関東大震災の朝鮮人大虐殺は存在しなかった。
南京大虐殺は存在しなかった。
通州基地大虐殺は、すべて中国人のせい。
731部隊など存在しなかった。
陸軍登戸研究所など存在しなかった。
朝鮮人慰安婦など存在しなかった。
昭和通商では麻薬など扱っていない。
日本軍は、正義を重んじる倫理的軍隊だった。後進国を助けたのであって、帝国主義など存在しなかった。
敗戦などない。終戦である。日本は負けていない。
「日本人は正義の民族だ。悪事は一切行っていない」
とする極端なファンタジーが若者たちの頭を洗脳しはじめたのは、すでに前世紀末からで、最初は、「南京大虐殺など架空だ」と、右翼インフルエンサーが大宣伝を始めたあたりではないだろうか?
これは右翼勢力の憎悪を一身に受けてきた本多勝一の「中国の旅」の記述をウソと決めつけたことから始まった右翼思想運動かもしれない。
河村たかし名古屋市長も、「父親が中支戦線に動員されたとき南京市を通過したが、虐殺の様相はなかった」ということを理由に、南京大虐殺は捏造された虚構だと主張しはじめた。
実は、このとき、もしかしたら同じ部隊に、国鉄から徴兵された私の父親がいて、後にインパール作戦に放り込まれた。父親も、南京大虐殺について知らなかった。
河村は私の高校の四期先輩で、若い頃は、どちらかといえば左翼だったが、CIAが社会党を潰すために創設した民社党に入党してから、右翼的思想傾向を持つようになった。
私は仕事で河村との接点を持ったことがあるので、根は正義感の強い平等主義者であって、芯から善良な人物であることを知っている。社会党役員だった父も彼を直接知っていて、人間性を高く評価する一人だった。
しかし、河村ほどの善良な人物が、歴史的史実を否定するのは、ひとえに、「日本は善良だったファンタジー」の宗教的洗脳を受けているからだと思う。
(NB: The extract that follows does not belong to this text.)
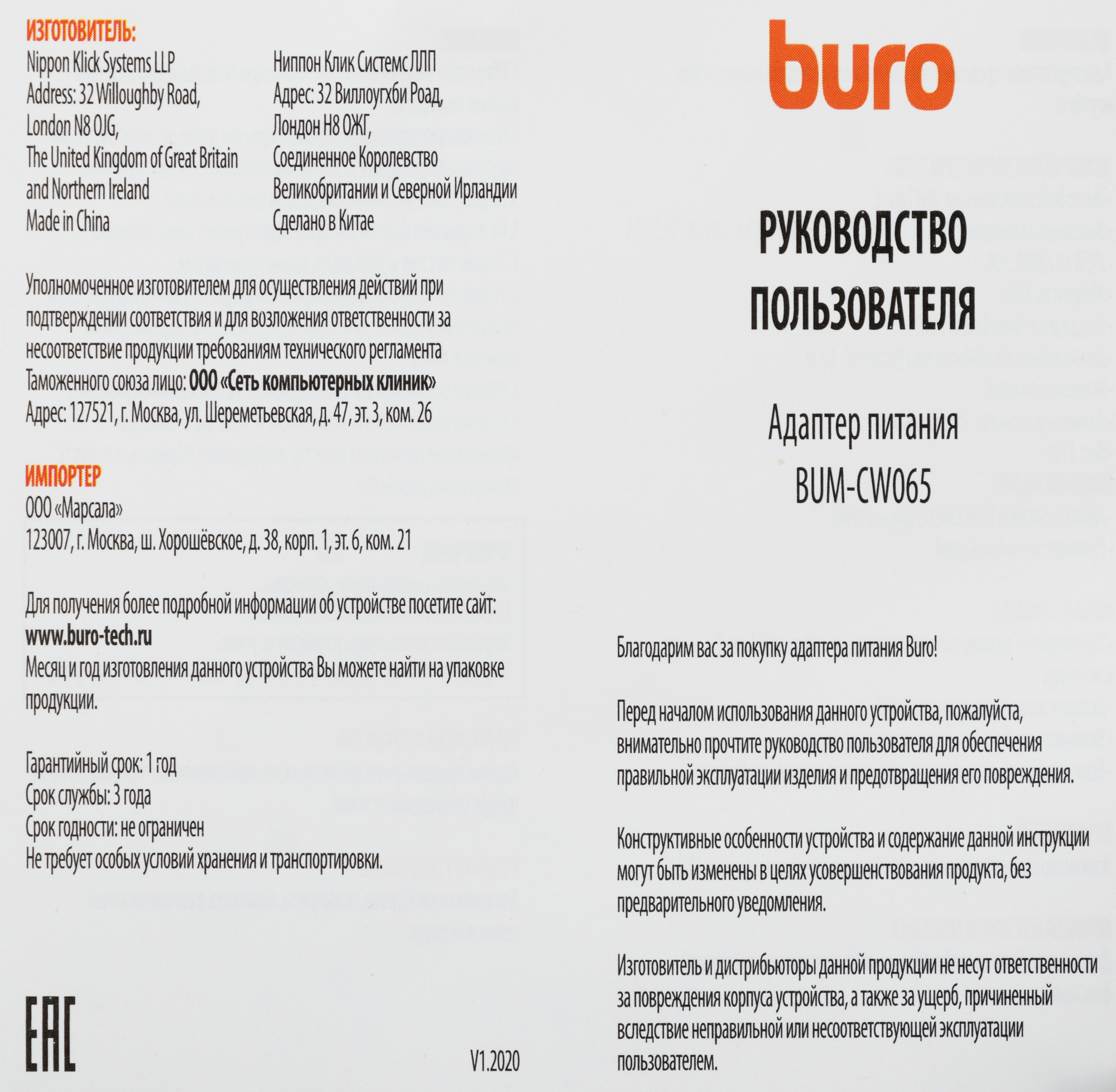 Блок питания Buro BUM-СW065 автоматический 65W 5V-20V 3.25A от бытовой электросети

彼は日本人を誇りに思いたいのだ。悪事を働いたという事実を認めたくないのだ。
そして、河村は善良ゆえに、他人の根拠のない説を真に受ける傾向があるようだ。
だが、河村のように、観念的に史実を否定してみても、残念ながら南京大虐殺の具体的な証拠は山ほど残っている。
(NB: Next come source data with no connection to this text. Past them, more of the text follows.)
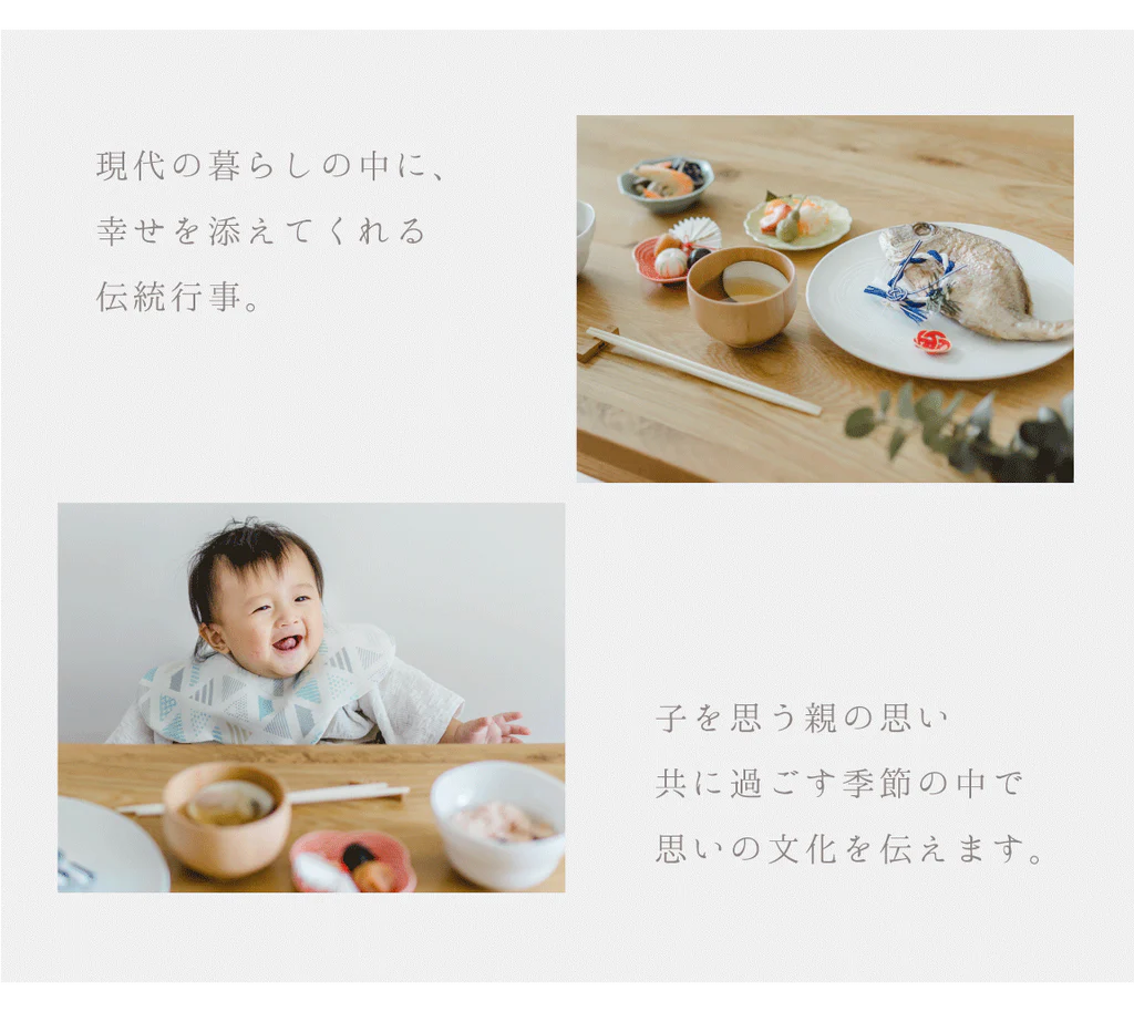 「一生食べることに困らないように」「病気をせず健康に育ちますように」との願いをこめて赤ちゃんに食べ真似をさせ、赤ちゃんの健やかな成長を願う儀式です。
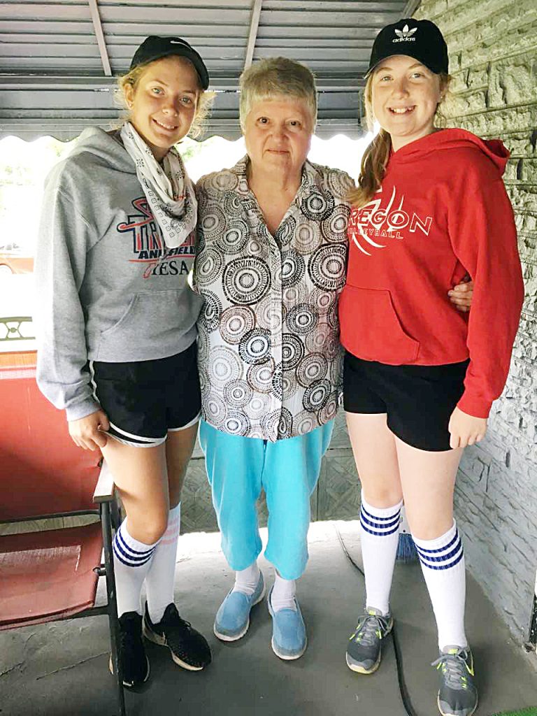 Homeowner Barbara Carafa, of German Township, poses for a photo with Reach Mission Trips volunteers Lexi Ebert, left, and Olivia Thomas, both of Illinois. In addition to providing free basic repairs to qualified homeowners, the work camp is about building relationships. Carafa said, “EveryoneĢƵ fantastic. They’re a wonderful group of kids.’’
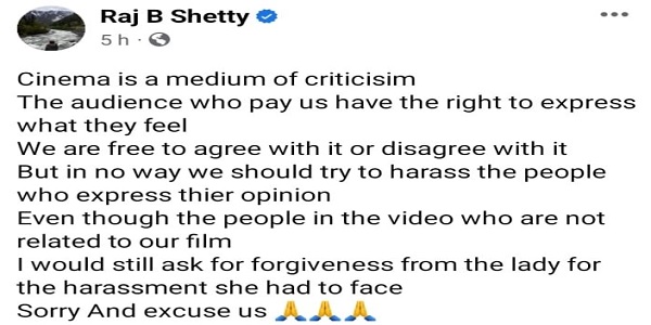 ‘ದೌರ್ಜನ್ಯಕ್ಕೀಡಾದ ಯುವತಿ ಜತೆ ಕ್ಷಮೆ ಕೇಳುತ್ತೇನೆ’ ಎಂದು ರಾಜ್ ಬಿ ಶೆಟ್ಟಿ ತಮ್ಮ ಫೇಸ್‌ಬುಕ್‌ ಖಾತೆಯಲ್ಲಿ ಬರೆದುಕೊಂಡಿದ್ದಾರೆ.
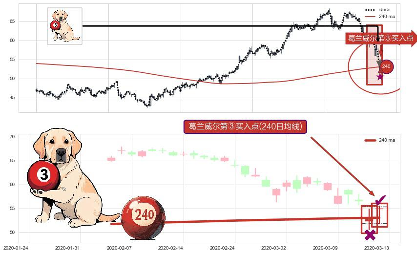 形态多维评估: ⚀ 2020-03-13-日显现 葛兰威尔均线 240日均线 第③买入点 上升趋势的中继信号,后市看涨,买进信号

http://hirukawamura.livedoor.blog/archives/5827904.html
http://hirukawamura.livedoor.blog/archives/5827202.html
以下自分の記事を引用
南京大虐殺について、分かったことを書いておくと、これは1937年7月29日に、北京郊外の通州で、日本人婦女子300名が虐殺された事件から始まっている。
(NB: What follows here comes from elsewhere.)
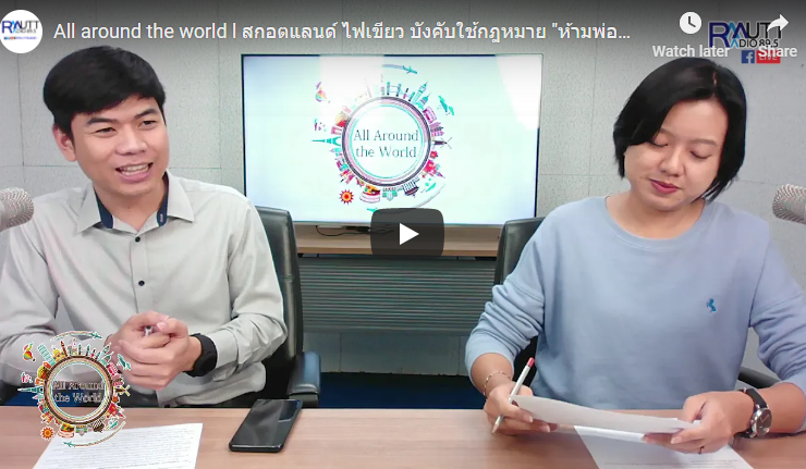 Topic ในช่วงที่ 3 – สหรัฐอาหรับเอมิเรสต์ (ยูเออี) อนุญาตให้ดื่มสุรา-คู่รักอยู่ด้วยกันได้ แม้ยังไม่แต่งงาน หวังดึงดูดต่างชาติเดินทางมาเที่ยว – สภาสกอตแลนด์ ไฟเขียวบังคับใช้กฎหมาย “ห้ามพ่อแม่ตีลูก” – แฟนฟุตบอลนิยมเข้าร่วม “ทวิตเตอร์” ติดตามข้อมูล ข่าวสาร ของทีมโปรด ยอดเติบโตขึ้นเรื่อยๆ โดยเฉพาะช่วงที่ไม่สามารถเข้าสนามได้ [15 พฤศจิกายน 2563] ดำเนินรายการโดย อาทิตยา ปักกะทานัง และปิยะพงษ์ เคนทวาย ออกอากาศทางสถานีวิทยุกระจายเสียงมหาวิทยาลัยเทคโนโลยีราชมงคลธัญบุรี FM 89.5 HHz ...
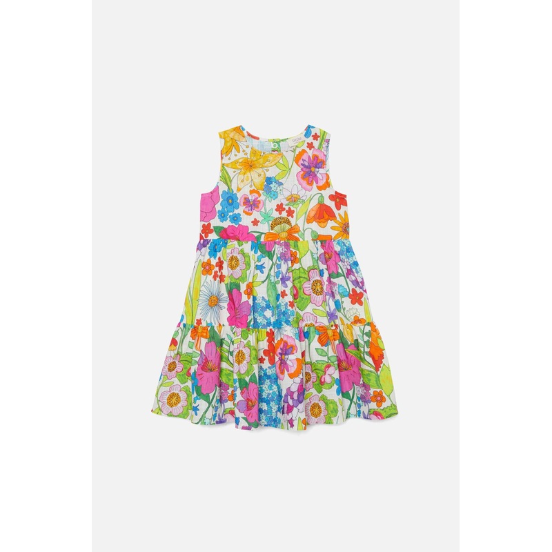 Printed textured cotton dress– soft organic cotton textured quality – sleeveless styling – easy snap back opening– round neckline – soft gathering through panels– exclusive princess highway print

https://ja.wikipedia.org/wiki/%E9%80%9A%E5%B7%9E%E4%BA%8B%E4%BB%B6
犯行集団は、冀東防共自治政府保安隊という中国人民兵だった。なぜ、猟奇的な大虐殺を行ったかといえば、日本軍・日本人に恐怖を与える目的があった。
これを背後で指令したのは、国民党軍司令官であるとともに、青幇頭目だった蒋介石だといわれる。
なぜ、日本人婦女子ばかり通州に集まっていたのか? それは、通州が日本軍の麻薬生産基地だったからだ。
当時のことだから阿片だろうと思うだろうが違う。通州基地で製造していたのはモルヒネ・ヘロインであった。
https://ja.wikipedia.org/wiki/%E9%80%9A%E5%B7%9E%E4%BA%8B%E4%BB%B6
https://the-cosmological-fort.hatenablog.com/entry/2018/08/19/170617
この工場は、誰の指揮によって建設されたのか? 分かっている限りでは、上海麻薬王と呼ばれた里見甫、昭和通商という会社を指揮して朝鮮・満州で麻薬を売りさばいていた岸信介である。他にも多数の陸軍統制派幹部が関与していて、日本軍の現在価値で4000兆円に上る軍備費用を担うために造られた。
当時(今でも)、麻薬ほど換金性が高く利益率が大きい商品は他になかった。
通州で生産されたヘロインは、北京や上海、満州などで売りさばかれたが、これが中国の古いヤクザ組織、麻薬シンジケートだった青幇の利権を大きい侵害することになった。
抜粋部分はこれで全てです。